On June 18, 2025, Gilead announced FDA approval of lenacapavir (Yeztugo) as a twice-yearly injectable pre-exposure prophylaxis (PrEP) for preventing sexually acquired HIV in adults and adolescents weighing at least 35 kg. Based on phase 3 PURPOSE 1 and PURPOSE 2 trials, lenacapavir demonstrated superior efficacy with zero HIV infections in cisgender women during the study and significantly fewer infections in men and gender-diverse individuals compared to daily oral PrEP. This novel dosing regimen offers a transformative option to improve adherence and reduce stigma associated with more frequent PrEP dosing.

FDA Approves Dupilumab (Dupixent) for Bullous Pemphigoid in Adult Patients

On June 20, 2025, Sanofi and Regeneron announced FDA approval of dupilumab (Dupixent) for the treatment of adult patients with bullous pemphigoid, marking its eighth indication. This approval was based on positive results from the ADEPT trial, where dupilumab demonstrated sustained disease remission and significant itch reduction compared to placebo. As the first targeted therapy for this type 2 inflammation-driven autoimmune skin disease, dupilumab offers a novel option that may reduce reliance on systemic corticosteroids and improve quality of life for affected patients.

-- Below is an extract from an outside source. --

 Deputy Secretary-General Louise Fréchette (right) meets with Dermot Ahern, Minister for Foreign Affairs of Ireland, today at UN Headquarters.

FDA Approves Nitisinone (HARLIKU) for Treatment of Alkaptonuria

On June 19, 2025, Cycle Pharmaceuticals announced FDA approval of nitisinone (HARLIKU) for reducing urine homogentisic acid in adults with alkaptonuria (AKU), making it the first and only treatment approved for this rare genetic disorder. Based on a post-hoc analysis of a 2009 trial, nitisinone demonstrated improvements in patient-reported outcomes and physical function over three years, supporting its efficacy despite the original trial missing its primary endpoint. HARLIKU’s approval offers a long-awaited option to address the significant disease burden, including joint damage and decreased mobility, in AKU patients.

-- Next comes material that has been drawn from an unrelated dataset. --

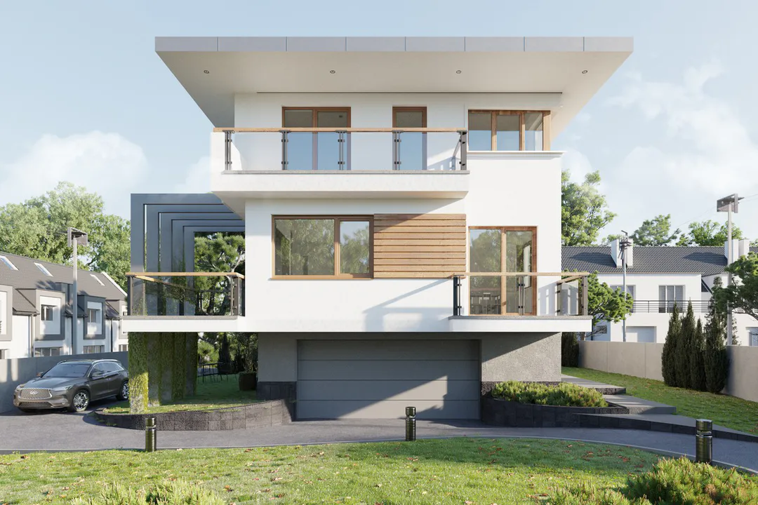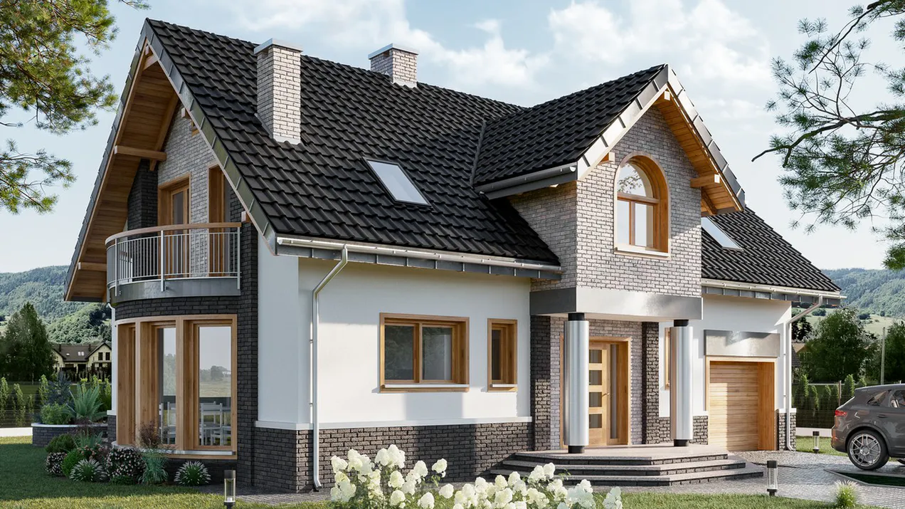 Наличие балконов, эксплуатируемой плоской крыши и гаража, интегрированного в цокольный этаж, повышает функциональность жилого пространства.

FDA Approves Belimumab (Benlysta) Autoinjector for Pediatric Lupus Nephritis

On June 24, 2025, GlaxoSmithKline announced FDA approval of a 200 mg/mL belimumab (Benlysta) autoinjector for subcutaneous use in patients aged 5 years and older with active lupus nephritis receiving standard therapy. Based on prior data supporting belimumab’s efficacy in systemic lupus erythematosus and lupus nephritis, this first-of-its-kind at-home administration option aims to reduce clinic visits and improve treatment flexibility for pediatric patients and caregivers. This approval marks the first biologic approved for both pediatric lupus and lupus nephritis, offering an important new tool for managing these severe autoimmune conditions.

FDA Issues CRL to Oxylanthanum Carbonate for Hyperphosphatemia in CKD, Dialysis

On June 30, 2025, Unicycive Therapeutics announced that the FDA issued a Complete Response Letter for its New Drug Application for oxylanthanum carbonate, a treatment for hyperphosphatemia in patients with chronic kidney disease on dialysis. The CRL cited manufacturing deficiencies at a third-party vendor unrelated to the drug substance or clinical data, with no other safety or efficacy concerns noted. Unicycive plans to seek a Type A meeting with the FDA to resolve the issues promptly and is optimistic due to a backup manufacturing vendor with a strong regulatory track record already producing the drug product. Oxylanthanum carbonate utilizes nanoparticle technology to potentially improve adherence by lowering pill burden compared to existing phosphate binders.